Lalu muncul presiden yang ketiga, bak komet di ruang angkasa menerangi kegelapan sejenak, lalu menghilang untuk seterusnya. Kemudian datanglah presiden yang keempat. Dia konon buta, tetapi yang tidak perlu mata untuk memahami siapa yang ingin menjatuhkannya, dan unsur rakyat mana yang terus dikasihinya.
Siapa yang lalu menyusulnya sebagai nomor keenam? Putri si jago pidato di atas yang layaknya kaum hawa pada umumnya, ya menata kembali rumah negara Indonesianya. Lalu datanglah nomor tujuh. Si presiden juru musik bernama akronim SBY yang memang pinter bernyanyi, tetapi yang anak buahnya sulit menjaga irama yang padu nadanya.

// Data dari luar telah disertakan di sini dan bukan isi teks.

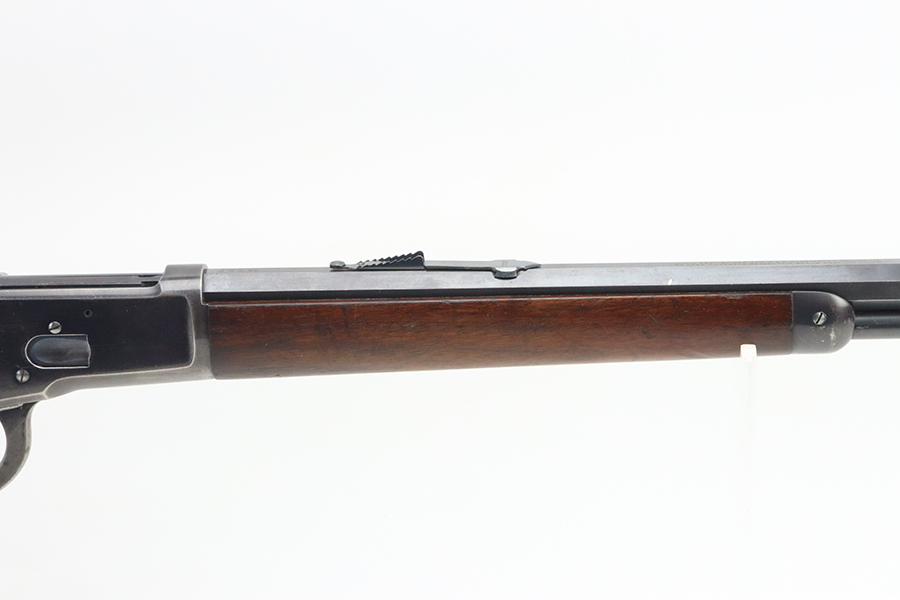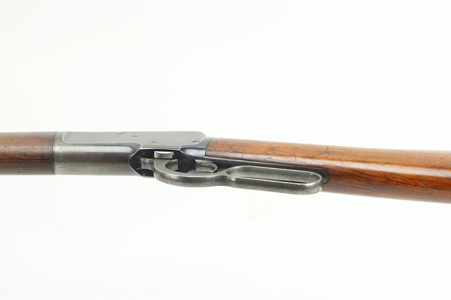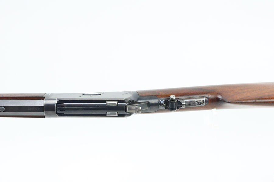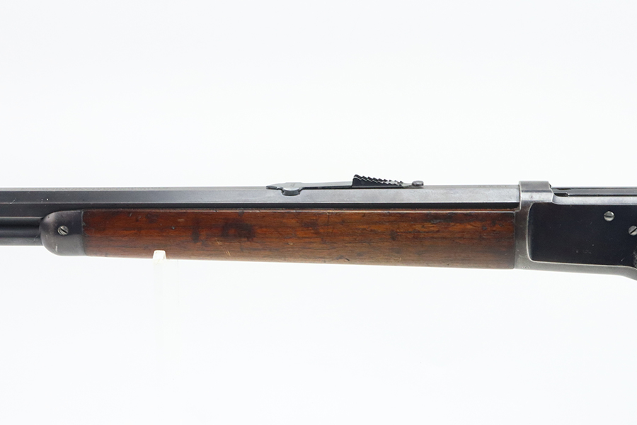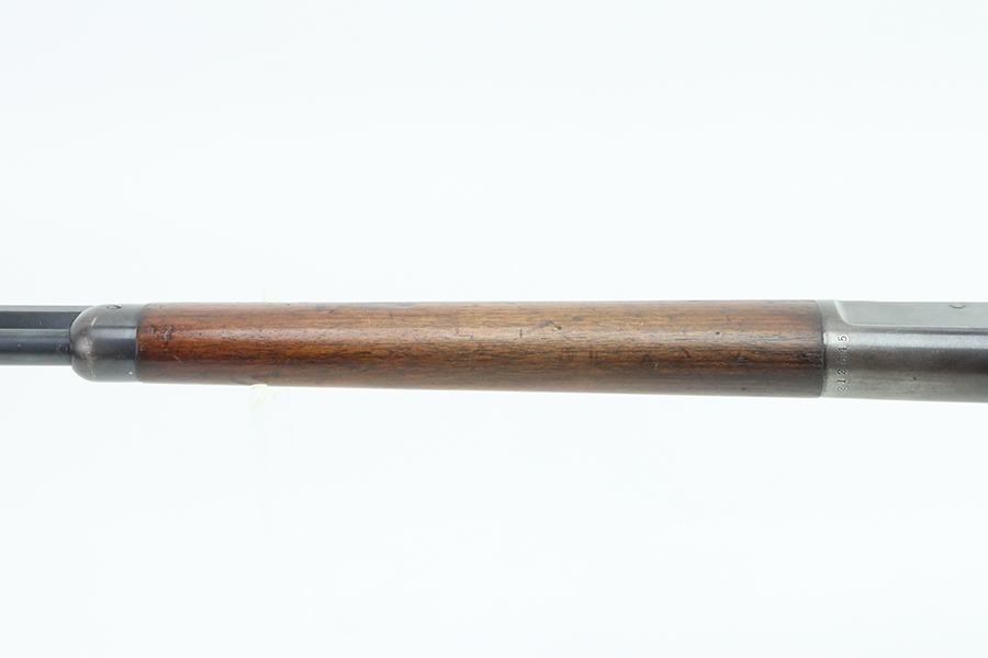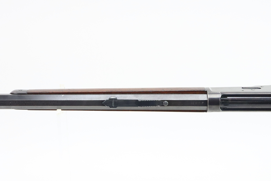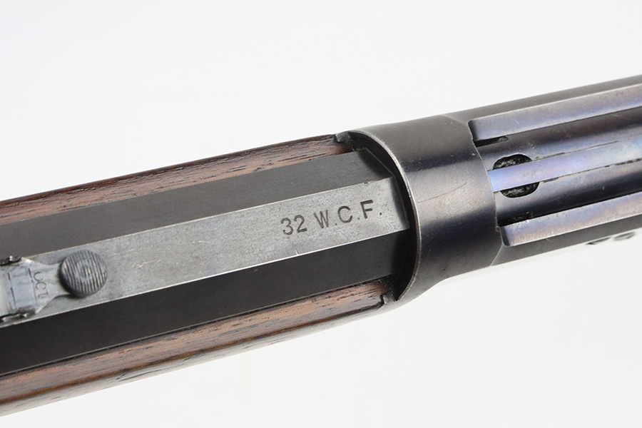 4/4/24 – This is a very nice example of a Winchester Model 1892 lever action rifle, manufactured in 1903 and chambered in .32 WCF. Equipped with a peep-style adjustable rear sight. The metal parts have retained somewhere between 85-90% of their original high polish finish. There is general high edge wear, but most of the finish loss is on the underside of the receiver. Some light scratches and handling marks on the receiver as well. Very nice wood furniture overall, but there are light scratches and bruises throughout. Excellent bore with great rifling.
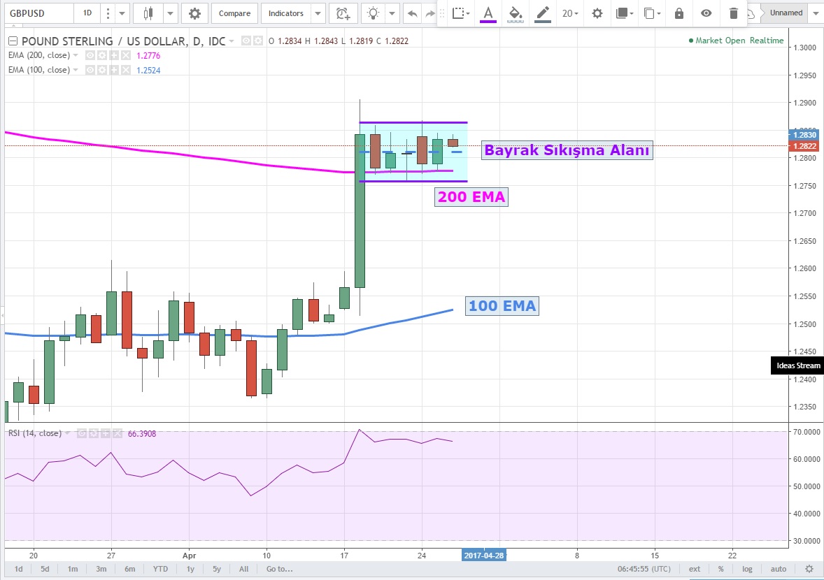 Bayrak formasyonu yukarı yönlü kırıldığında 1.2870
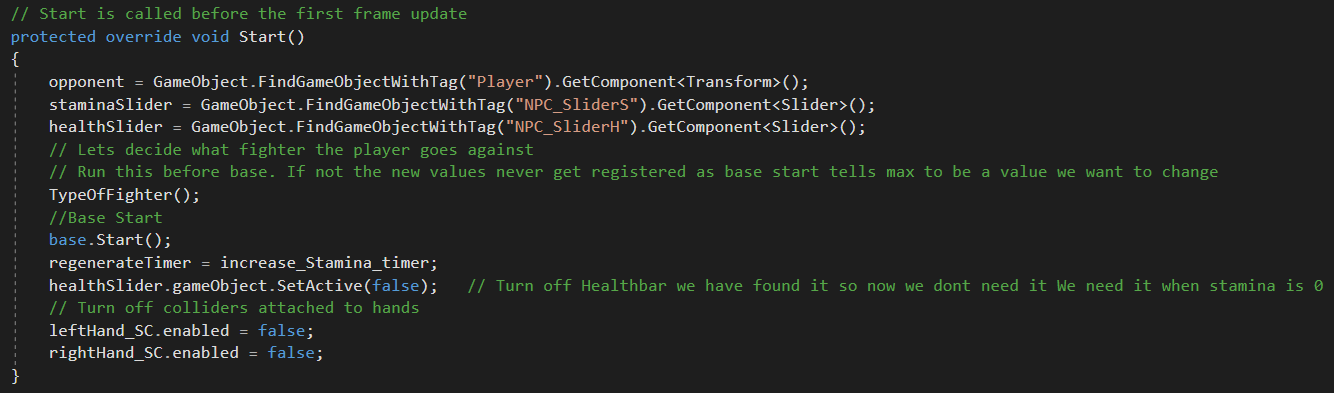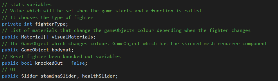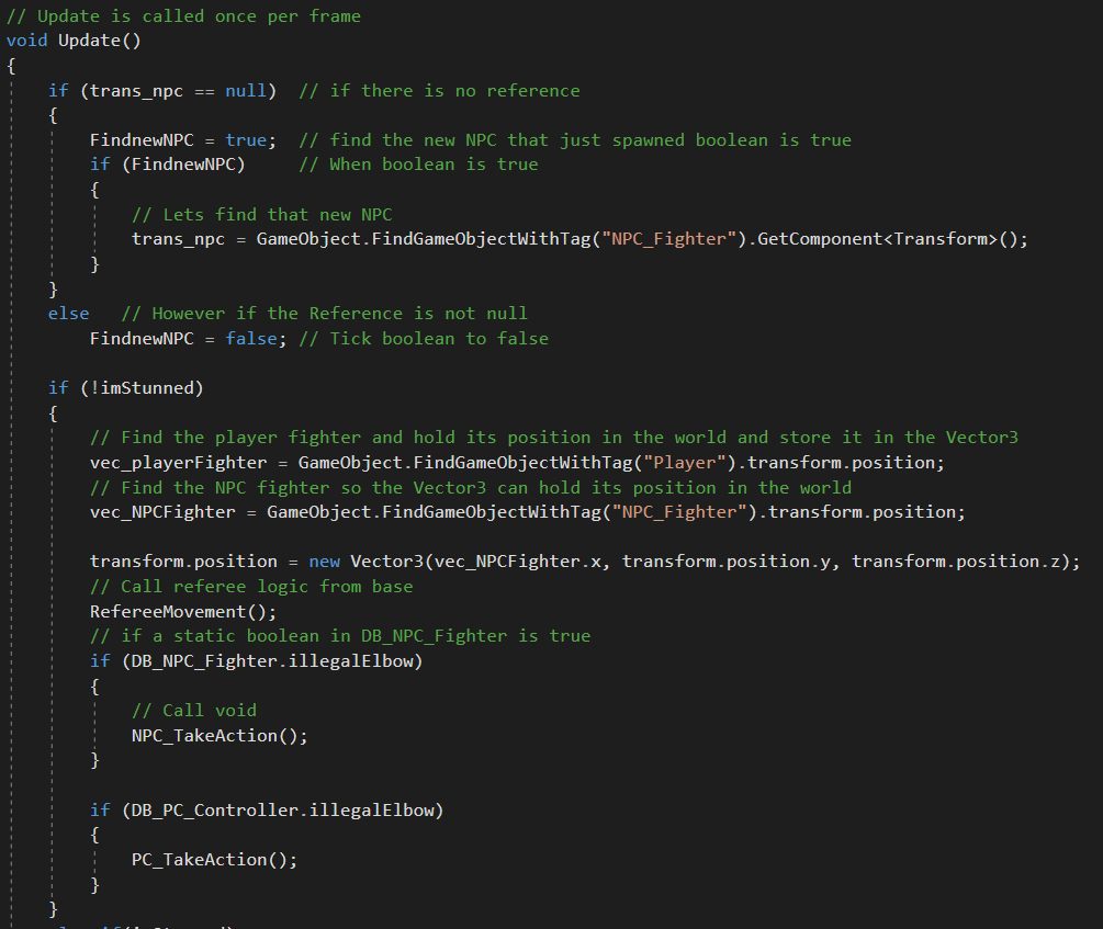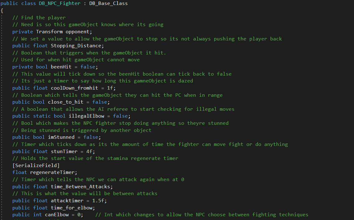 This is the script which allows the NPC fighter to know what to do in different game states, allowing for movement and combat.

Dan, kini ada presiden kedelapan, yang bisa jadi paling hebat dari semuanya. Dia tak perlu hebat pidatonya, tak membuat kita berpeluh dingin, tak perlu menata rumah, apa lagi menyanyi, tetapi yang siap merangkul siapa pun yang bersemangat kerja. Ya, Indonesia aman. Lumayan untuk suatu Republik yang baru berumur 78 tahun di dalam beberapa hari yang akan datang.
Saya paham ada bermacam-macam keluhan. Ada yang ekornya mengibas-ibas, terus menggerung-gerung entah apa juntrungnya. Tetapi, biar anjing menggonggong ataupun menggerung, kafilah terus berlalu. Presiden bekerja.
Maka, ketika saya mendengar orang Indonesia mengeluh sana sini, berkata bahwa negerinya di ambang kehancuran, dan lain-lain komentar senada, akan bubar sebelum mencapai umur 100 tahun, saya berkata dengan tegas: ”tunggu dulu, Mas”. Jangan kesan sementara Anda dianggap sama dengan situasi negeri ini yang sebenarnya.
Anda boleh saja penuh tingkah, boleh pesimistis semau Anda. Tetapi, Indonesia tidak bakal dikuasai oleh raja lagi. Apalagi oleh Belanda. Bukalah mata, ke mana pun Anda menoleh, apakah terlihat ancaman fisik di mana pun. Tidak, kan? Kalaupun terdengar ada ribut, itu di negeri seberang nun jauh di sana. Indonesia tenang, setuju, kan?
Orang cukup puas dengan sistem yang memungkinkan mereka berbeda sambil bersatu. Aneh, tapi nyata. Memang ada orang yang yakin bahwa sinar Kebenaran pertama muncul di Timur Tengah, ada juga yang meyakini dinamika Trimurti menggerakkan dunia, bahkan ada pula yang keyakinannya mengacu pada para leluhur dari entah mana, tetapi semua berseru bersatu di dalam pencarian dan penggalian Sang Maha Arti. Mengapa?
Oleh karena bangsa ini, di dalam segala rumpunnya, sudah lama sepakat bahwa persamaan adalah lebih utama daripada perbedaan. Maka, boleh shalat lima waktu, boleh juga mengaturkan banten, atau mencari kerajaan surga. Bagi bangsa ini, proses pencarian, yaitu proses Manunggal, tak kurang penting daripada sang Tunggal itu sendiri. Tak terpisahkan. Begitulah Mas. Pikirkanlah ini sambil menanti tanggal 17. Merdeka. Liberté.